Dr. Perkins’ research activities include psychosis risk prediction and early intervention, as well as investigations of the genetic basis of schizophrenia. She is in the last year of the NIMH 2.9 million five-year multi-site U01 grant, 5/8-Predictors and Mechanisms of Conversion to Psychosis (NAPLS). Included in this project, Dr. Perkins chairs the project workgroup on biospecimen collection. She is co-investigator on the NIMH funded Conte Mapping Project (Ayse Belger, PI), which aims to compare the brain development trajectory using MRI and electrophysiology studies of individuals at risk of psychosis due to having an affected first degree family member compared to those with no affected relative. Dr. Perkins continues to have a strong interest in developing a genetics research program. She is UNC site investigator on a multi-site NIH grant headed by Carlos Patos that will collect DNA from 10,000 schizophrenia and 10,000 unaffected subjects. In addition to contributing blood samples to the NIMH, a UNC biospecimen repository was established to store DNA, total blood RNA, plasma, and cryopreserving white blood cells. Dr. Perkins has discovered a method of culturing small pluripotent stem cells from peripheral blood. The plan is to transdifferentiate these cell lines to neuronal stem cells with the aim of studying the genetics of neurodevelopment in schizophrenia. Dr. Perkins continues to work with developing protocols to study neuronal stem cells from the olfactory epithelium and investigating microRNAs in schizophrenia.

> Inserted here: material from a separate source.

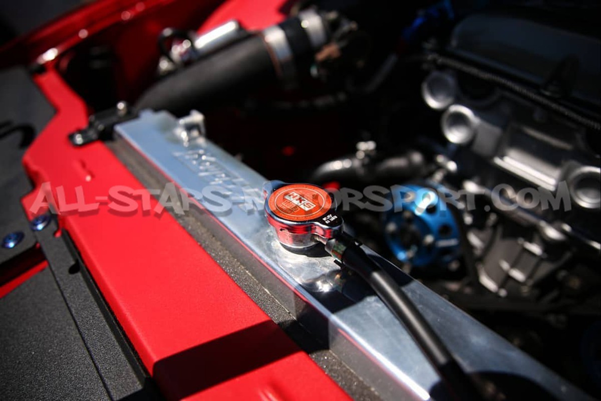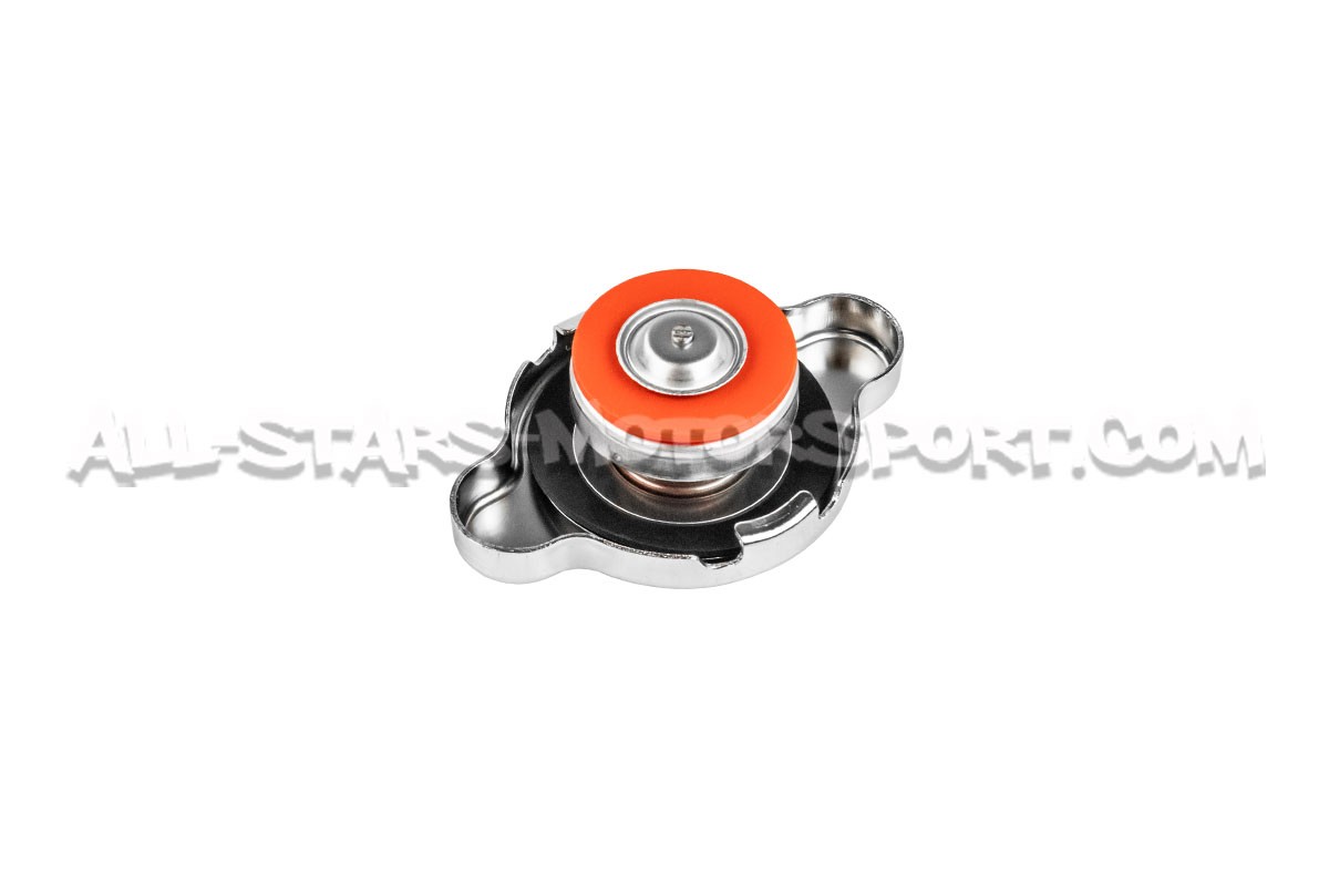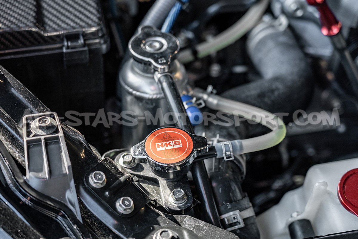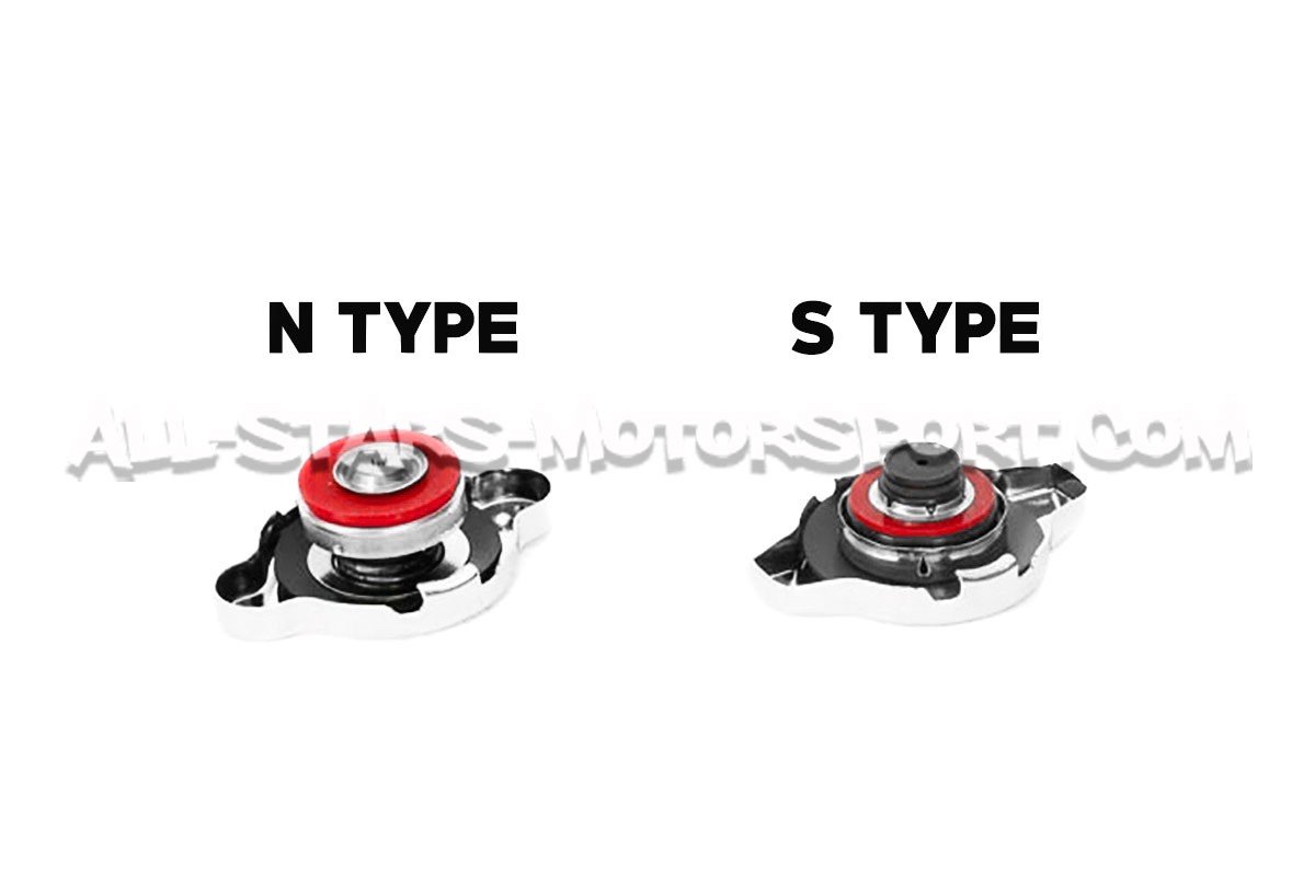 Allowing to increase the pressure inside the cooling circuit, this HKS radiator cap, rated at 1.1 bars, fits without modification to optimise the efficiency of the radiator. Available in two versions (flat or deep plunger - see pics) to fit all types of vehicles, this cap made of polished aluminium, will bring in addition to its technical properties an elegant touch to the engine bay.

Dr. Graham’s expertise is in the areas of early identification and treatment of psychotic illnesses, and her clinical work, research and teaching all focus on this. Psychotic disorders are common, often debilitating, illnesses. Her belief is that with early recognition and appropriate intervention the degree of disability can be substantially lessened. Complimenting her clinical work as psychiatrist with Outreach And Support Intervention Services (OASIS), a multidisciplinary team program treating those at risk for psychosis and those in the early years, is research centering on early recognition of at risk individuals. Currently she is a co-investigator on the North American Prodrome Longitudinal Study, a large multisite observational study investigating predictors of conversion to psychosis in those at risk for developing psychotic illness. She is also involved in studies of the mechanism of weight gain with antipsychotics and interventions to curb this. Recently she has completed an investigation of the efficacy of a cognitive remediation program to aid those with schizophrenia and significant problems with cognition.
Ms. Nieri received her BA in Sociology in May of 1991 from Washington College, Chesterfield, MD and her MSW in Clinical Mental Heath in May of 1996 from the University of Maryland at Baltimore. Her extensive Social Work training includes the Sheppard and Enoch Pratt Hospital in Towson, MD, and the University of MD Community Psychiatry in Baltimore. Ms. Nieri worked as a Taylor Manor Hospital Clinician from 1996-98 in Ellicott City, MD, after which she joined University of North Carolina’s Department of Psychiatry Staff. As a Clinical Social Worker, Ms. Nieri served with distinction as a key member of the Schizophrenia Treatment and Evaluation Program (STEP) from 1998-2001, when she then accepted her current rank as Faculty. Ms. Nieri is an active clinician and researcher, with a current focus on the prodromal phase of schizophrenia. She has functioned as the assistant director of the Clinical and Functional Outcomes Assessment Unit of the NIMH funded CATIE Project, responsible for clinician rater training at the 54 participating sites involved in this multicenter project. She has also helped develop educational and cognitive behavioral therapy materials for patients with psychotic disorders and their family members. Her interests involve first episode and early intervention treatments and community education and awareness of psychotic disorders. She is a member of the International Early Psychosis Association She has several publications to her credit including a chapter in the textbook Comprehensive Care of Schizophrenia.
Jenna joined the UNC Department of Psychiatry in January of 2015, after receiving her bachelor’s in Psychology and Cultural Anthropology from Duke University in the fall of 2014. She is currently the research coordinator of the PRIME Research Program studies, including the BI 1289-0032 Study and NAPLS 3, and the data manager for the Early Psychosis Intervention Advisors of North Carolina.